"Seperti Uni Eropa saat ini inflasinya tercatat sebesar 10 persen (yoy) pada November 2022. Kemudian India dan US yang realisasi inflasinya masing-masing tercatat sebesar 6,77 persen (yoy) dan 7,7 persen (yoy)," kata Airlangga Hartarto.
Sementara itu, Ekonom dari Universitas Airlangga Rudi Purwono mengatakan, ada dampak positif dari Hari Raya Natal dan Tahun Baru 2023 untuk perekonomian Indonesia.
Di mana masyarakat yang bergerak, meningkat konsumsinya akan membuat perekonomian berputar meski harga sudah pasti akan naik.
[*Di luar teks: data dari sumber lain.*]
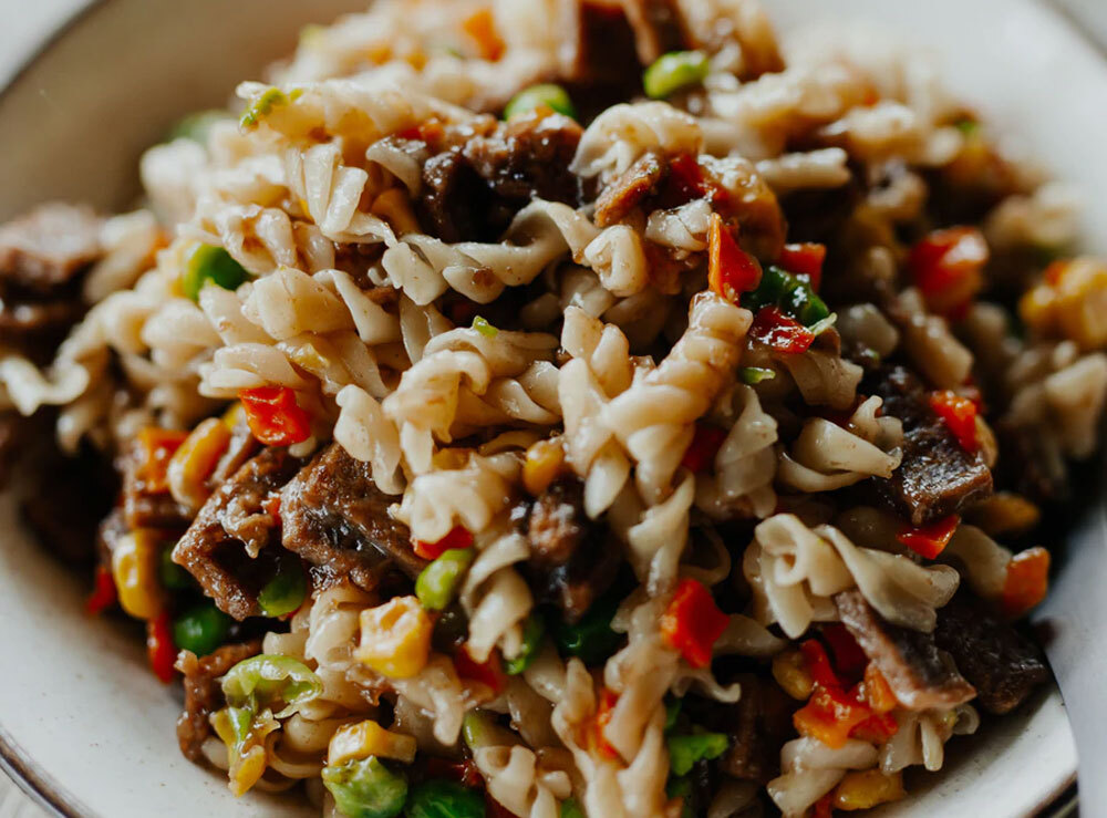 Pasta (31%) (Durum Wheat), Beef Dices (29%) (Beef, Soy Protein Concentrate, Salt, Mineral Salt (451, 450), Rosemary Extract), Sauce (Thickener (1442), Maltodextrin, Brown Sugar, Sugar, Yeast, Salt, Colour (150D), Flavour Enhancer (635), Herbs & Spices, Canola Oil, Vegetable Extract), Carrot (Carrot, Sugar, Acidity Regulator (500)), Corn, Peas (Peas, Acidity Regulator (331, 500))

"Kondisi pada bulan Desember, di mana ada Natal dan Tahun Baru. Kondisinya masyarakat beraktivitas, berlibur, akan menunjang proses meningkatkan permintaan dan akan menggerakkan ekonomi, konsekuensinya memang tentu harga agak naik keatas," kata Rudi.
Bagi Rudi, pergerakan masyarakat di moment Nataru 2023 menjadi pendorong perekonomian yang bagus, dan bisa dinikmati oleh semua pihak.
"Sisi positif, ekonomi bergerak, tetapi harapan kota ekonomi bergerak juga dinikmati UMKM, mikro kecil dan menengah. Tidak hanya usaha besar. Contoh misalnya hotel, bukan cuma hotel besar, losmen juga. Potensi usaha kecil makanan, oleh-oleh," ucapnya.
Namun, Rudi mengingatkan agar produsen maupun pengusaha juga jangan main harga terlalu besar.
Hal tersebut guna menjaga momentum pertumbuhan ekonomi yang sedang tumbuh.
Rudi juga meminta pemerintah untuk terus menjaga ketersediaan bahan pokok jelang libur Nataru.
"Harapan kami, pemerintah menjaga ketersediaan barang yang terutama berkaitan dengan volatile food, misal beras, daging, bumbu dapur, minyak goreng," tambahnya.
Selama barang tersedia, lanjut Rudi, daya beli masyarakat juga akan terus ada.
Soal inflasi bulan Desember, kata dia, inflasi bisa berada sampai 6 persen.